To predict the effects of high-frequency quakes in Southern California, Jordan’s team has calculated the propagation and ground motion of waves radiating from the San Andreas Fault using a 3D model of the Earth’s crust. These simulations require highly realistic earth models and wave propagation software which account for factors such as topography, gradual energy loss, and small-scale heterogeneities.

In 2010, the SCEC team used the 1.75-petaflop Jaguar to simulate a magnitude 8 earthquake along the San Andreas Fault. Those simulations peaked at 2 hertz. At the time, the Jaguar simulations were conducted, doubling the wave frequency would have required a 16-fold increase in computational power. But on Titan in 2013, the team was able to run simulations of a magnitude 7.2 earthquake up to its goal of 10 hertz. By modifying its CPU-based code, AWP-ODC, for Titan’s GPU-accelerated architecture, the team significantly improved speedup, producing higher-resolution results in a fraction of the time.

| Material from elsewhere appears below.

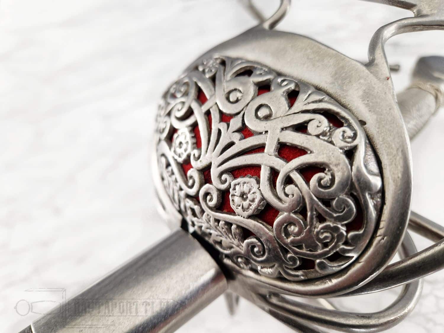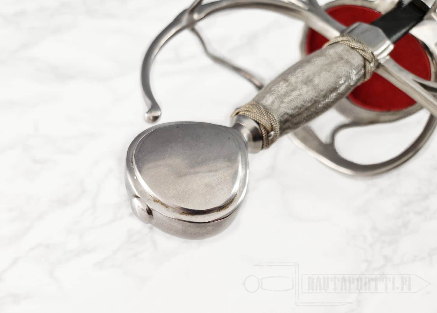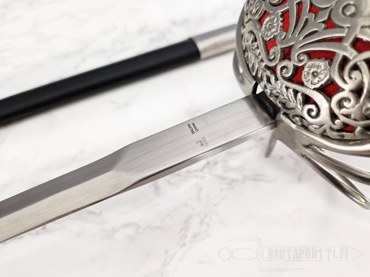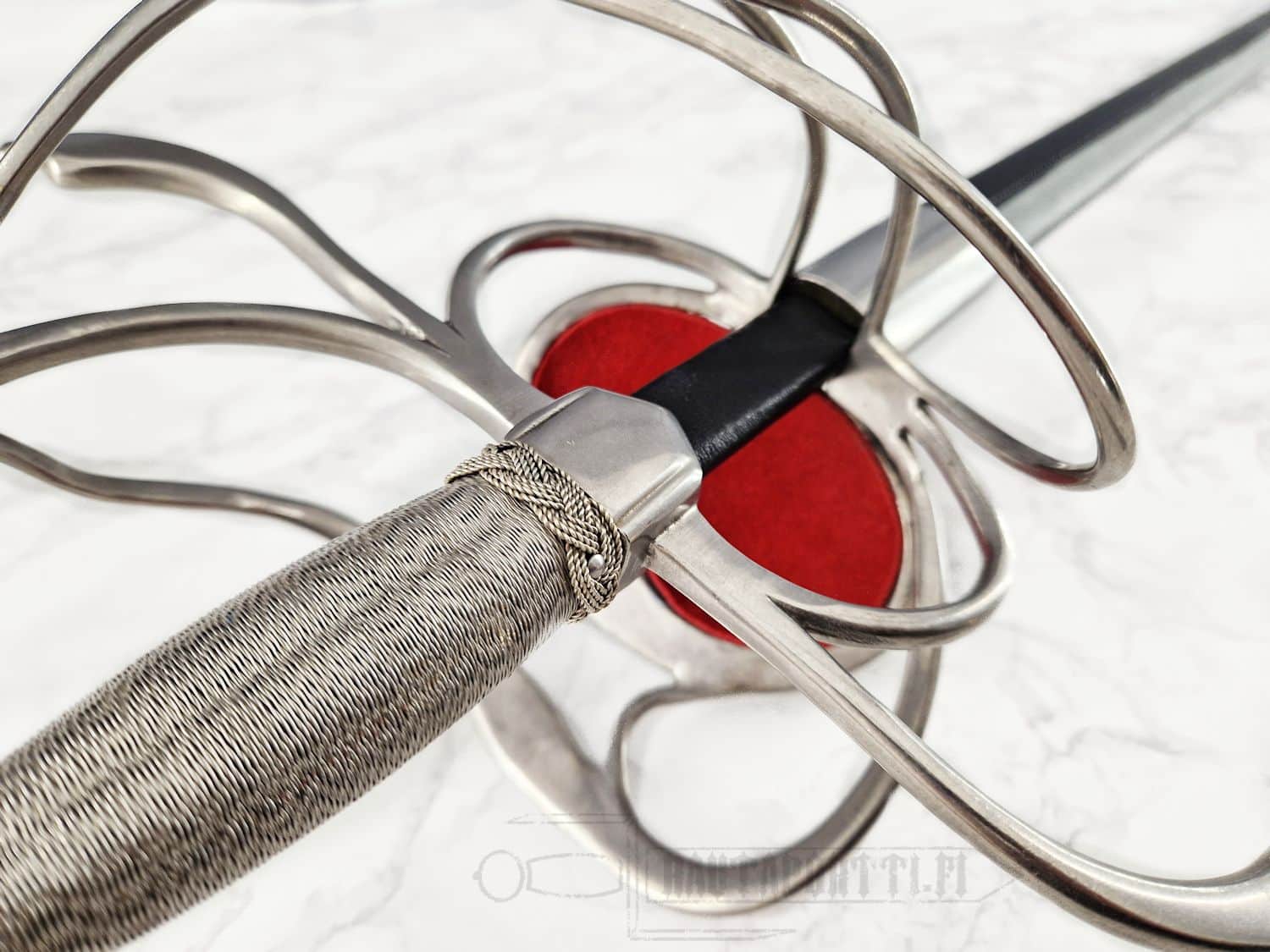 Kättä suojaavan korikahvan pohjaa koristaa avoin kukkakuviointi. Miekan terä on epätavallisen kapea rapiiriksi, mikä tekee tästä miekasta yllättävän nopean ja miellyttävän kevyen aseen. Kahva on päällystetty teräspunoksella. Koristeelliset teräspunokset erottavat kahvaimen päärynänmallisesta ponnesta ja kättä suojaavista korikahvan väisteistä. Korikahva on saman kokoinen kuin alkuperäiskappaleessa, samoin miekan paino ja tasapaino vastaavat alkuperäistä, mikä saa miekan tuntuumaan autenttiselta. Kuvissa näkyvä, tyyliin sopiva, nahkainen huotra teräsheloilla sisältyy hintaan.

In 2015, Jordan’s team released an updated CyberShake map for the Southern California region that incorporated simulations for 336 separate locations in the region and doubled the maximum simulated frequency from 0.5 to 1 hertz. The map marked a significant step forward in supplying policymakers with an unprecedented tool for weighing the risks of seismic activity. In 2017, the team used Titan to calculate the first 1 hertz CyberShake physics-based seismic hazard model for Central California.

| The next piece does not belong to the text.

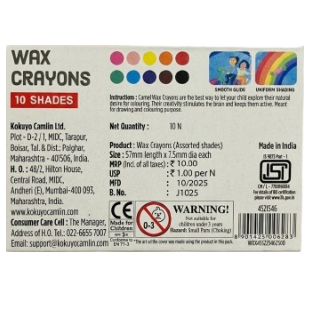 These Camel crayons 10 shades are made with high-quality wax pigments that glide smoothly on paper without scratching or breaking easily. The vibrant shades help kids explore their imagination while improving motor skills and creativity. Whether it is for school assignments, hobby coloring, or fun drawing time at home, Camlin wax crayons are one of the most trusted coloring tools for children in India.The crayons are easy to hold and specially designed for small hands, making them suitable for toddlers, preschoolers, and school-going children.strong wax formula prevents frequent breakage and ensures long-lasting use even with regular coloring. These crayons work well on drawing books, coloring books, and art paper, making them a reliable option for art and craft activities.

“We are at a point now where computers can do these calculations using physics and improve our ability to do the type of analysis necessary to create a safe environment for society.” —Thomas Jordan, Southern California Earthquake Center

The Legacy

As more people move to cities in seismically active regions, the potential costs of a devastating earthquake will continue to increase. The techniques being pioneered by Jordan’s team are improving scientists’ understanding of earthquakes, helping civic leaders prepare for rare, disruptive events, and giving earthquake engineers new tools for predicting strong ground motions and their effects on the built environment.

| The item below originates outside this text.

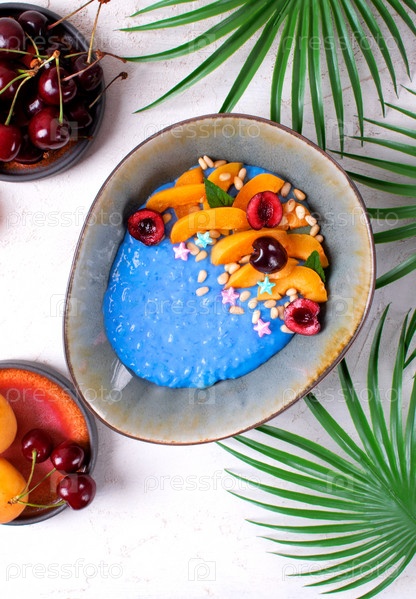 Каша из синего риса со спирулиной, абрикосом, вишней и кедровыми орехами в керамической миске. Здоровый завтрак. Вид сверху

Impact studies following SCEC’s scenario simulations became a motivation for the City Of Los Angeles to develop its new city-wide earthquake resilience and preparedness plan, Resilience by Design. And, although earthquake prediction is still in its infancy, the simulation data being produced by Jordan’s team is being used to train machine-learning algorithms as part of California’s Earthquake Early Warning system, potentially increasing the time citizens have to respond to the imminent threat of a quake.

Related Publication: Jordan, T. H. (2015), Societal Impact of Earthquake Simulations at Extreme Scale, in Proceedings of the International Conference for High Performance Computing, Networking, Storage and Analysis, ACM.